Strep B screening: weighing human and financial costs in childbirth
A record-breaking compensation case has reignited debate around the UK’s reluctance to screen expectant mothers for Group B Streptococcus. While other nations opt for routine testing to prevent life-altering infections in newborns, the UK still relies on a risk-based approach - a policy now under intense scrutiny as the human and financial costs of missed diagnoses come into sharp focus.
Published: June 18th, 2025
4 min read
Streptococcus B is a bacteria carried by 20-25% of adults in the UK, typically in the gut or vagina, which is rarely dangerous and largely asymptomatic. It does not often result in illness or infection, but the risk arises during pregnancy where a woman can transmit the bacteria to her baby as it passes down the vaginal birth canal.
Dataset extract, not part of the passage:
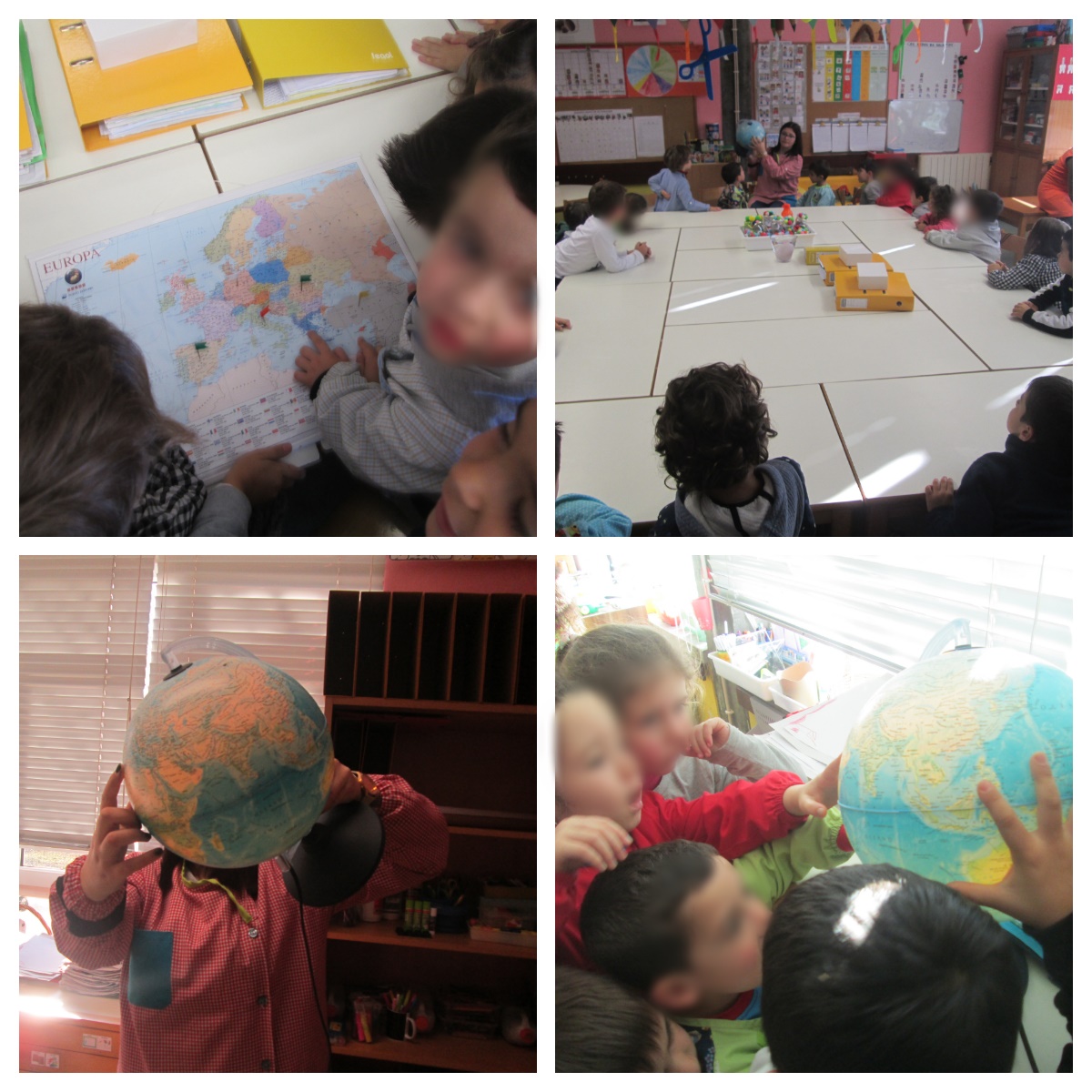 Mas esses não dava para ver no mapa da Europa, porque ficam na África e na América e então a I. sugeriu ver no Mapa Mundo, ou no globo terrestre.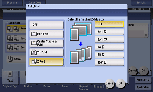 To use the Z-Fold function, the Finisher FS-535 and Z Folding Unit ZU-606 are required (only for bizhub 554e).

A baby born by caesarean section is at lower risk.
The human and financial cost of failure to diagnose and treat
A settlement of £35 million was agreed in January 2025 to compensate a child and provide some semblance of a life for that family after their baby was left severely brain-damaged after NHS staff failed to treat the common infection when she was born.
The infant has cerebral palsy and a payment goes some way to safeguard their future. I haven’t seen a copy of the breakdown, but it is reported in the press that the infant will require 2:1 care. Based on experience, that infant will probably require a house, aids and equipment, a deputy to manage the money, therapy and specialist transport and other bespoke assistance to meet her significant needs and ensure she will be cared for even after her family has passed. It assumes a reasonable life expectancy.
When you weigh up the cost of compensation, not to mention the legal fees and the human impact, you question why the NHS does not adopt the approach taken by so many developed countries that routinely test for Streptococcus B.
The Background
This multimillion-pound payout was made by the Great Western Hospital Trust in Swindon, which admitted that they failed to recognise and treat the infant and her mother for the Group B Streptococcus (GBS) bacteria despite clear warning signs, such as the mother having a high temperature.
Had she been treated with antibiotics during pregnancy, the infant would have been born intact. Instead, she wasn’t tested for Strep B despite the existence of a temperature and other red flag signs.
The baby wasn’t given antibiotics intravenously immediately after birth. It was not until 16 hours later that antibiotics were administered, and only after the newborn developed a fever, blotches on her skin and deteriorated. It was too little, too late and she developed Sepsis and Streptococcus B-related meningitis, leaving her severely brain-damaged.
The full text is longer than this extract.